By Labmedica International staff writers
Posted on 26 Jan 2012
A gene variation has been found which can have a substantial effect on treatment responses in patients with a rare type of blood cancer.

The cluster of differentiation 95 (CD95) gene is one of the genes involved in controlling the death of cells in the body and having an abnormal version of the CD95 gene could also dictate survival rates for other cancer types like lymphoma, breast, and prostate cancer.

Scientists at Newcastle University (Newcastle upon Tyne, UK) used various molecular techniques to investigate the DNA and RNA of 654 patients enrolled in a leukemia trial. This included data from 231 people diagnosed with acute promyelocytic leukemia (APL).
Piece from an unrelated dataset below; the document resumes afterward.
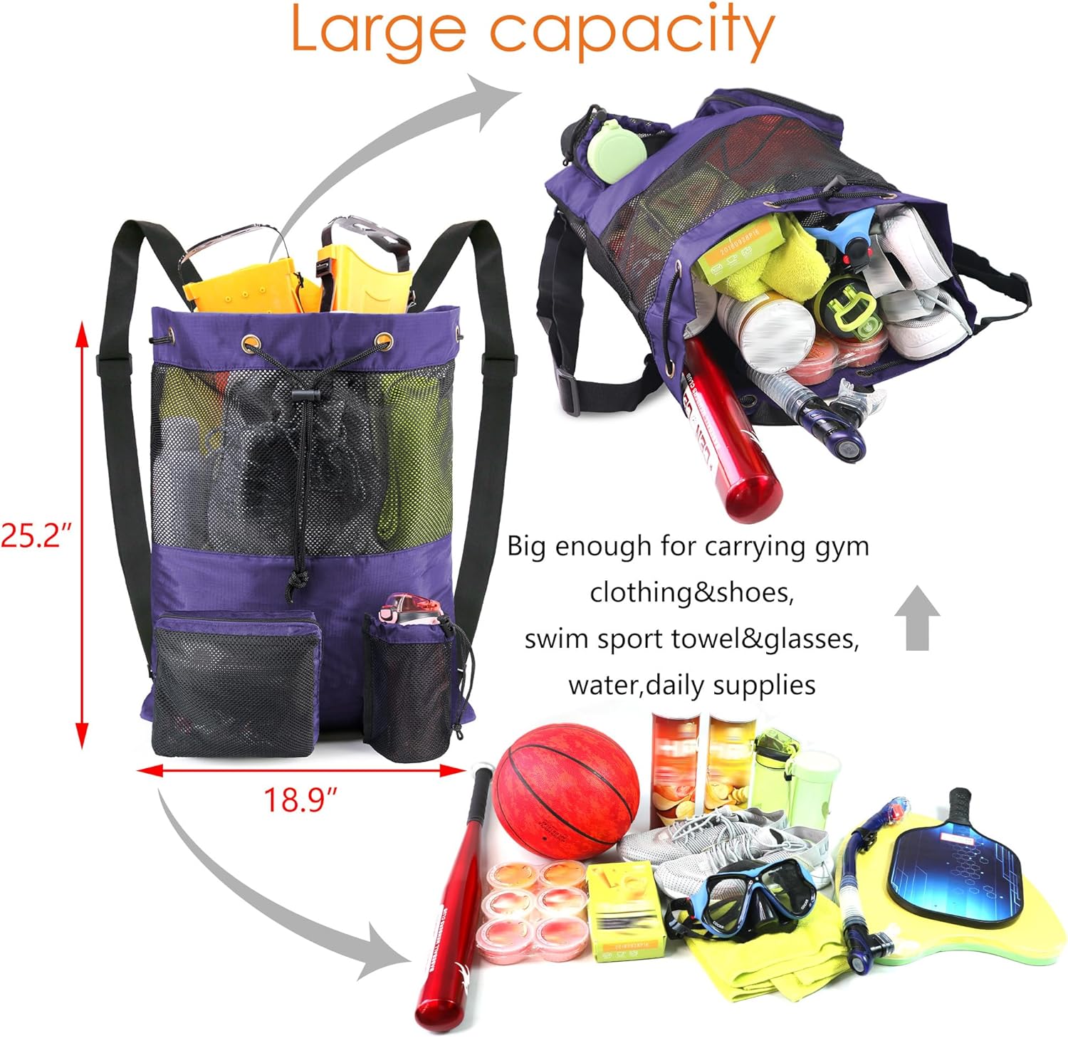Customers like the versatility of the bag. They say it’s a great work bag and perfect for holding a wet towel. They appreciate the water resistance, saying the mesh allows everything to dry. Customers also mention that it’ll allow the rain to pass all the way through. They find it easy to carry and light weight. They also appreciate the quality, saying it’d hold up well. Customers like that the bag is large enough to hold everything they need for swimming.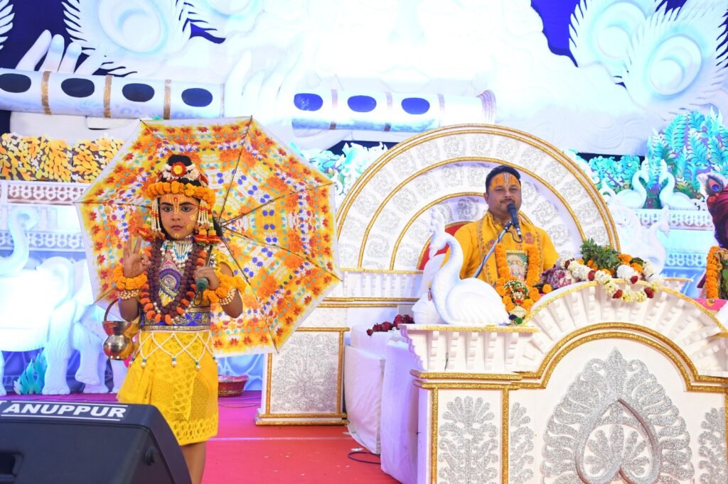 श्रीमद् भागवत कथा के चौथे दिन श्री वामन अवतार, श्रीराम चरित्र, श्री कृष्ण जन्मोत्सव एवं नंदोत्सव की विशेष कथा एवं झांकी रखी गई थी। आज का दिन काफी विशेष रहा। पूरा हाल जहां खचाखच भरा हुआ था, वहीं आज की कथा सुनने केबिनेट मंत्री लखनलाल देवांगन, पूर्व केबिनेट मंत्री जयसिंह अग्रवाल सहित कई दिग्गज पहुंचे थे। श्री देवांगन एवं श्री अग्रवाल ने आचार्य श्री शास्त्री से आशीर्वाद लिया और ब्यास पीठ तथा भगवान कृष्ण की पूजा अर्चना कर कोरबा एवं प्रदेश की खुशहाली एवं समृद्धि के लिए प्रार्थना की।

The study revealed that patients with an abnormal variant of the CD95 gene have a substantially lower chance of survival, with just 64% of APL study participants with the variant surviving long-term, compared with 79% who have a normal version of the gene. Patients with the gene variant often failed to respond to treatment from the start and died from infection within weeks of diagnosis. Leukemia patients who fail to respond to chemotherapy are often susceptible to infections. It is difficult to predict which patients are at high risk of developing this life-threatening complication, and the scientists discovered that APL patients with the risk gene had a five times higher likelihood of dying from infection compared with patients with the more common version of the gene.

Molecular methods included in the study were the caspase-8 and caspase-3 cleavage assay using ligands from Enzo Life Sciences, (Farmingdale, NY, USA) and the Dual Luciferase Reporter Assay (Promega, Madison, WI, USA). James M. Allan, D.Phil., the senior author of the study, said, "By testing for the risk variant of the CD95 gene, we should now be able to help doctors identify those vulnerable patients at high risk of either not responding to chemotherapy or developing potentially fatal side effects from their treatment. These patients can then be treated differently to minimize the risk of a poor response." The study was published on January 12, 2012, in the journal Blood.